• POJ 1364 King (差分约束)


    King
    Time Limit: 1000MS   Memory Limit: 10000K
    Total Submissions: 8534   Accepted: 3221

    Description

    Once, in one kingdom, there was a queen and that queen was expecting a baby. The queen prayed: ``If my child was a son and if only he was a sound king.'' After nine months her child was born, and indeed, she gave birth to a nice son. 
    Unfortunately, as it used to happen in royal families, the son was a little retarded. After many years of study he was able just to add integer numbers and to compare whether the result is greater or less than a given integer number. In addition, the numbers had to be written in a sequence and he was able to sum just continuous subsequences of the sequence. 

    The old king was very unhappy of his son. But he was ready to make everything to enable his son to govern the kingdom after his death. With regards to his son's skills he decided that every problem the king had to decide about had to be presented in a form of a finite sequence of integer numbers and the decision about it would be done by stating an integer constraint (i.e. an upper or lower limit) for the sum of that sequence. In this way there was at least some hope that his son would be able to make some decisions. 

    After the old king died, the young king began to reign. But very soon, a lot of people became very unsatisfied with his decisions and decided to dethrone him. They tried to do it by proving that his decisions were wrong. 

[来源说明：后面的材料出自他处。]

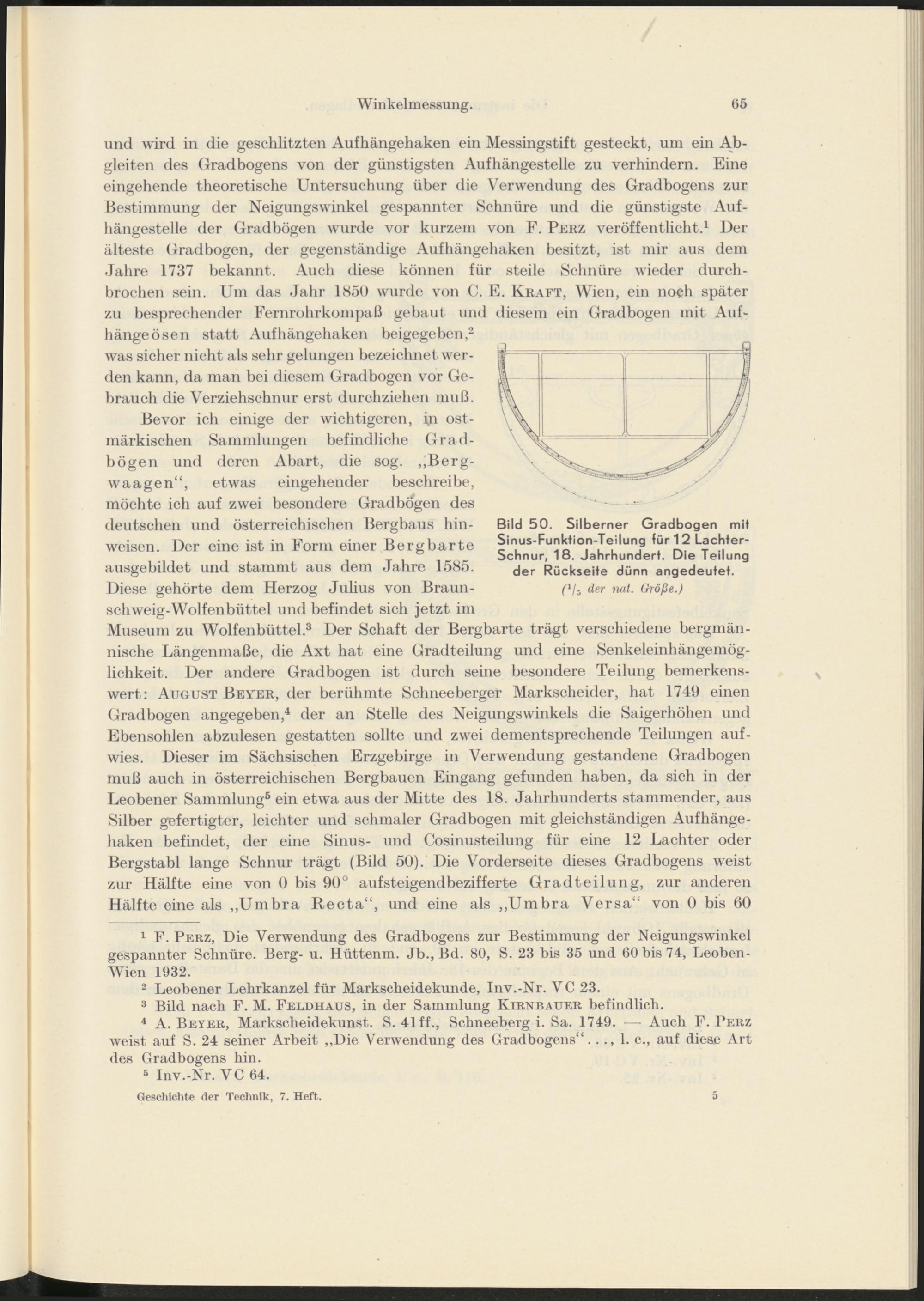 Diese gehörte dem Herzog Julius von Braun - schweig-Wolfenbüttel und befindet sich jetzt im Museum zu Wolfenbüttel. 3 Der Schaft der Bergbarte trägt verschiedene bergmännische Längenmaße, die Axt hat eine Gradteilung und eine Senkeleinhängemöglichkeit. Der andere Gradbogen ist durch seine besondere Teilung bemerkenswert: August Beyer, der berühmte Schneeberger Markscheider, hat 1749 einen Gradbogen angegeben, 4 der an Stelle des Neigungswinkels die Saigerhöhen und Ebensohlen abzulesen gestatten sollte und zwei dementsprechende Teilungen auf- wies. Dieser im Sächsischen Erzgebirge in Verwendung gestandene Gradbogen muß auch in österreichischen Bergbauen Eingang gefunden haben, da sich in der Leobener Sammlung 5 ein etwa aus der Mitte des 18. Jahrhunderts stammender, aus Silber gefertigter, leichter und schmaler Gradbogen mit gleichständigen Aufhängehaken befindet, der eine Sinus- und Cosinusteilung für eine 12 Lachter oder Bergstabl lange Schnur trägt (Bild 50). Die Vorderseite dieses Gradbogens weist zur Hälfte eine von 0 bis 90° aufsteigendbezifferte Gradteilung, zur anderen Hälfte eine als „Umbra Recta“, und eine als „Umbra Versa“ von 0 bis 60

    Therefore some conspirators presented to the young king a set of problems that he had to decide about. The set of problems was in the form of subsequences Si = {aSi, aSi+1, ..., aSi+ni} of a sequence S = {a1, a2, ..., an}. The king thought a minute and then decided, i.e. he set for the sum aSi + aSi+1 + ... + aSi+ni of each subsequence Si an integer constraint ki (i.e. aSi + aSi+1 + ... + aSi+ni < ki or aSi + aSi+1 + ... + aSi+ni > ki resp.) and declared these constraints as his decisions. 

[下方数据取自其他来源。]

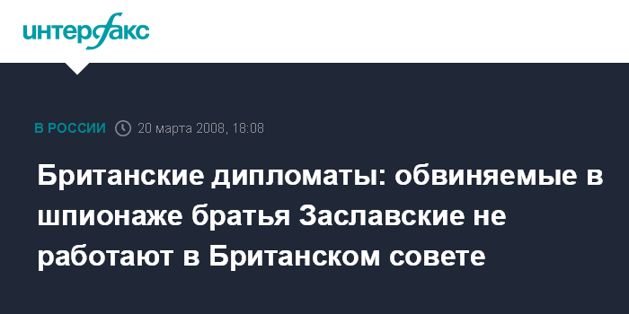 Москва. 20 марта. INTERFAX.RU - Братья Заславские, которых ФСБ РФ обвиняет в промышленном шпионаже, не являются сотрудниками Британского совета, заявляет посольство Великобритании в РФ.

    After a while he realized that some of his decisions were wrong. He could not revoke the declared constraints but trying to save himself he decided to fake the sequence that he was given. He ordered to his advisors to find such a sequence S that would satisfy the constraints he set. Help the advisors of the king and write a program that decides whether such a sequence exists or not. 

    Input

    The input consists of blocks of lines. Each block except the last corresponds to one set of problems and king's decisions about them. In the first line of the block there are integers n, and m where 0 < n <= 100 is length of the sequence S and 0 < m <= 100 is the number of subsequences Si. Next m lines contain particular decisions coded in the form of quadruples si, ni, oi, ki, where oi represents operator > (coded as gt) or operator < (coded as lt) respectively. The symbols si, ni and ki have the meaning described above. The last block consists of just one line containing 0.

    Output

    The output contains the lines corresponding to the blocks in the input. A line contains text successful conspiracy when such a sequence does not exist. Otherwise it contains text lamentable kingdom. There is no line in the output corresponding to the last ``null'' block of the input.

    Sample Input

    4 2
    1 2 gt 0
    2 2 lt 2
    1 2
    1 0 gt 0
    1 0 lt 0
    0

    Sample Output

    lamentable kingdom
    successful conspiracy

    Source

     
     
     

    题意:对于一个序列数字序列S。给出(si, ni, 0, ki)。

          如果是(si,ni,gt,ki),意思就是存在约束条件S[si]+S[si+1]+...S[si+ni] > ki,

          如果是(si,ni,lt,ki),意思就是存在约束条件S[si]+S[si+1]+...S[si+ni] < ki  
          判断所给的约束条件有无解,即是否存在这么一个序列S,有解就输出lamentable kingdom,无解就输出successful conspiracy。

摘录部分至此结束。